One of her hands slipped into my hair, her fingertips running over my head with such a soft touch that I shivered beneath her. I wasn't even cold any longer. I was numb. No more pain, no more fear, just acceptance. Her tears slipped from her chin, spattering on my face and rolling down the sides. It was warm, calming even. She simply stared at me for a moment, before wrapping her arms around my shoulders and lifting me up carefully. My arms wrapped around her small waist as she kneeled in the freezing snow, and my head lolled onto her shoulder. Her arms were loose around my shoulders, holding my back, she was scared to hurt me I knew.

"You can't break something that's already broken, love," I whispered.

She let out a noise but her grip increased, telling of how scared she was to let me go. One of her hands stroked the nape of my neck, fingers gliding through my hair. She cried, her tears pressed against my neck as we rocked, side to side. My hands slipped through her thick hair, running down her back. I felt her lips against the side of my neck, and it felt as if slow motion had taken us again. She moved back until she was staring into my eyes, smiling sadly before she pressed her mouth against mine. Soft, warm, long; a kiss of eternal goodbye.

When she pulled back, she stared at the tears that had escaped my eyes for a moment, reaching out to brush them away. My hands wrapped around her wrists, holding her palms to my face. "I love you," I told her, smiling at how sweet it sounded even coming from my throaty voice. "You don't have to say it back, you can save it for when I see you again," I said, nodding. "But I wanted you to know, because when I'm gone and this is over, it was never for nothing. It was for you, always for you."

She hugged me to her, crying on my shoulder as she rocked us, my arms felt heavy around her now. And they slipped from her to fall to the snow beneath. My head lay limp on her shoulder while my eyes stared at the red marred skin of her throat, drying now from where my face had pressed. My chest was hardly moving any longer and though I thought a lack of breathing would hurt, it was rather painless. "Remember my left pocket," I whispered.

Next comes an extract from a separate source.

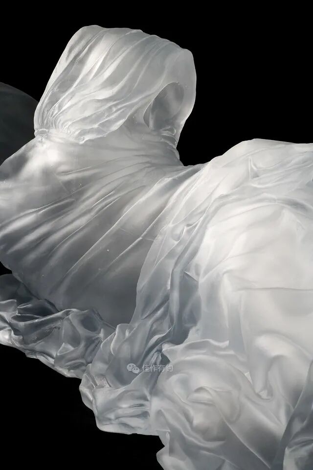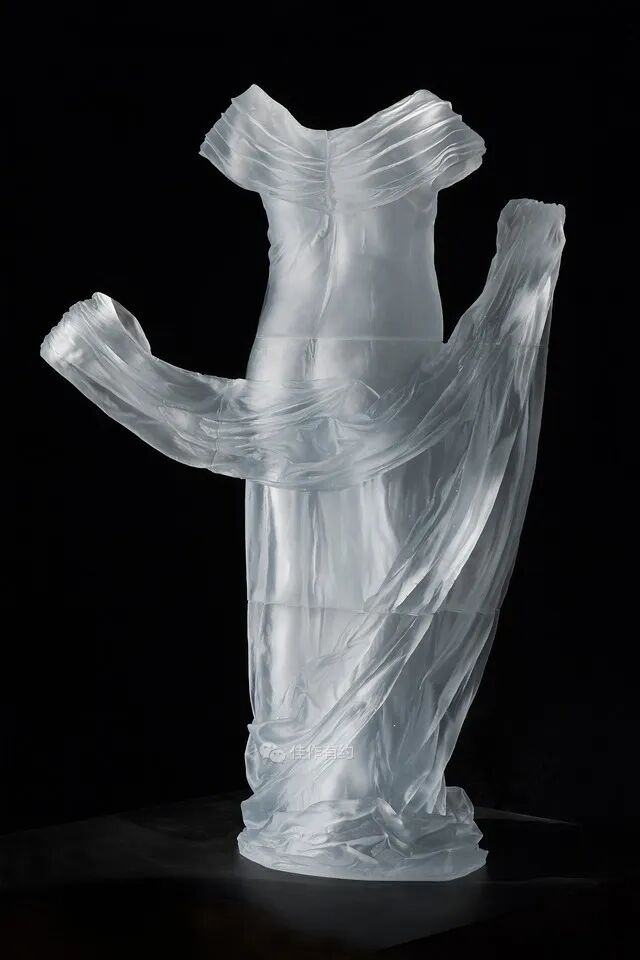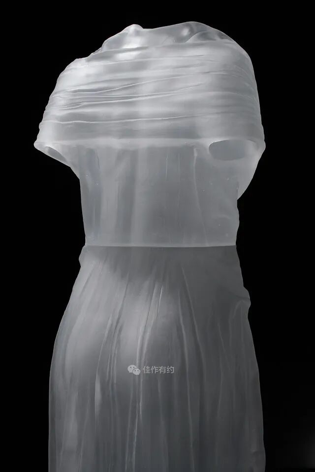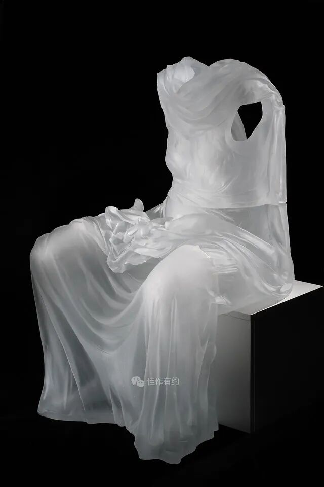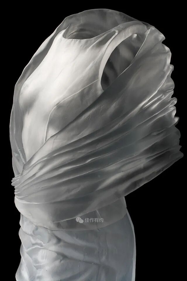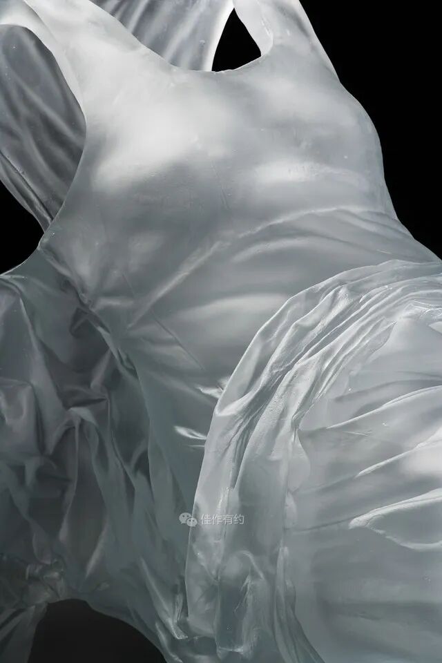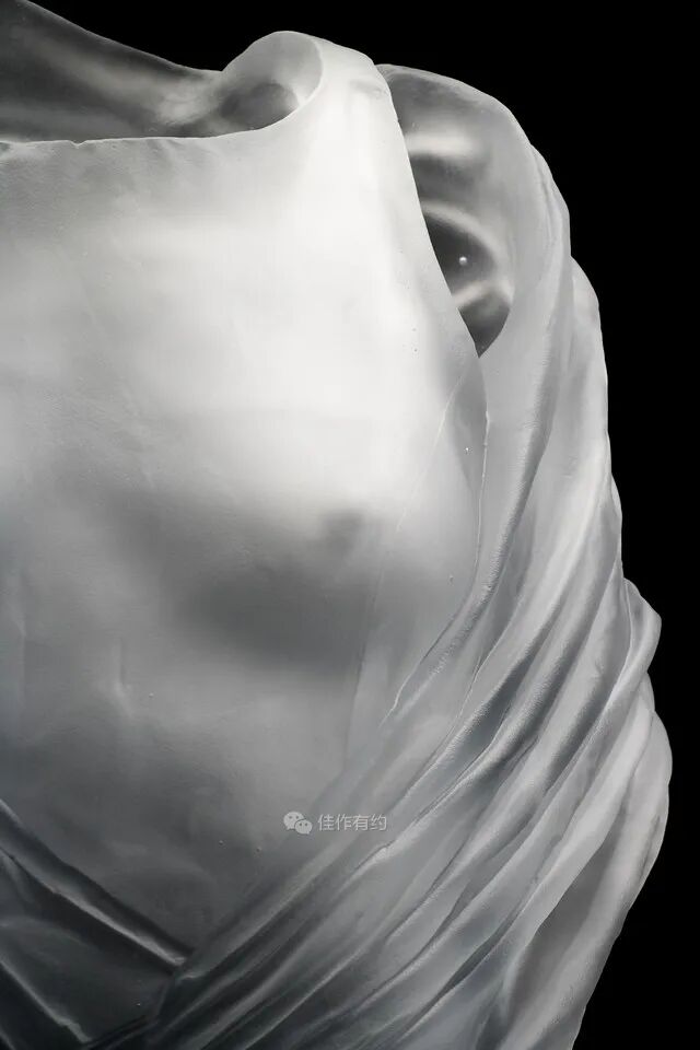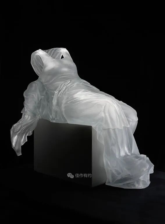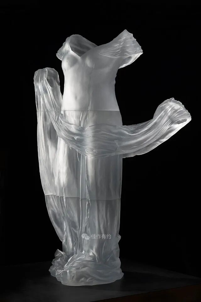 KAREN LAMONTE 用披着透明玻璃裙的不在场的裸体来研究人文主义与情色、物质与空灵、身体与精神之间的紧张关系。这些雕塑既有强烈的物理性——肌肉和肉体紧贴着紧贴的织物——但又没有实体:人物不存在,只有压在衣服上的形状暗示了这一点。

She shook her head, holding me tighter. "I love you, Draco," she whispered, and I smiled into her flower scented hair before I felt my chest stop moving completely. My body stopped then, and my mind was slowly fuzzing away. I could hear her very faintly, calling out my name and whispering, "No, no, no." She continued to rock us, though she knew I was gone.

It hurt to know that she was in such pain, but I couldn't do anything. There was a light I'm sure, or perhaps it was the sun when they pulled me back from Hermione, I don't know. All I know is that I don't walk amongst the living any longer. I don't hear her voice or attend school with her. I can't kiss her lips or hold her tightly in my arms. Death has a way of taking it all away, but it replaces it with a calm nothingness. No strings, no rules, no expectations from dark parents who don't care. There is no pureblood, half-blood, or mudbloods in heaven. There is no better or worse person. We are all equal, and it's euphoric.

And now I have eternity. Forever to wait until she lives out her life, joining me in an existence of peace. I will wait for her, gladly I will. Because she gave me the ending I wanted. I was no killer, no murdering pureblood out for acceptance. I was a boy who loved a girl. A boy who made mistakes but made up for as many as he could. I was a boy who died for a cause. And if nobody knew that but her, I was fine with that. What glory did I need in heaven? I was no longer the broken, battered son of a Malfoy. But a soul amongst the good, waiting for his other half.


	2. Hermione

_**For You, Always For You**_

**By:** _atruwriter_

2/2

Hermione Granger walked down the quiet empty halls of Hogwarts, an emptiness still stinging her heart. She stopped in front of the Great Hall, taking in a calming breath before she entered. All four tables turned to stare at her, but she kept her head high, her shoulders back. Sitting down in the center of the table, between Harry and Ron, she clasped her hands together and waited for the inevitable. Professor McGonagall, or Headmaster really, had called her to her office early that afternoon. She had been given a copy of the Daily Prophet before anybody else would receive it the next morning and it held a special message. Hermione had set it up for the Headmaster to get it as such and knew that she would be receiving this beckoning. They had discussed what would happen and McGonagall had agreed to read it out to the students during dinner. Hermione was sure that the reason everyone was staring was because she was late and McGonagall wouldn't say anything until she arrived.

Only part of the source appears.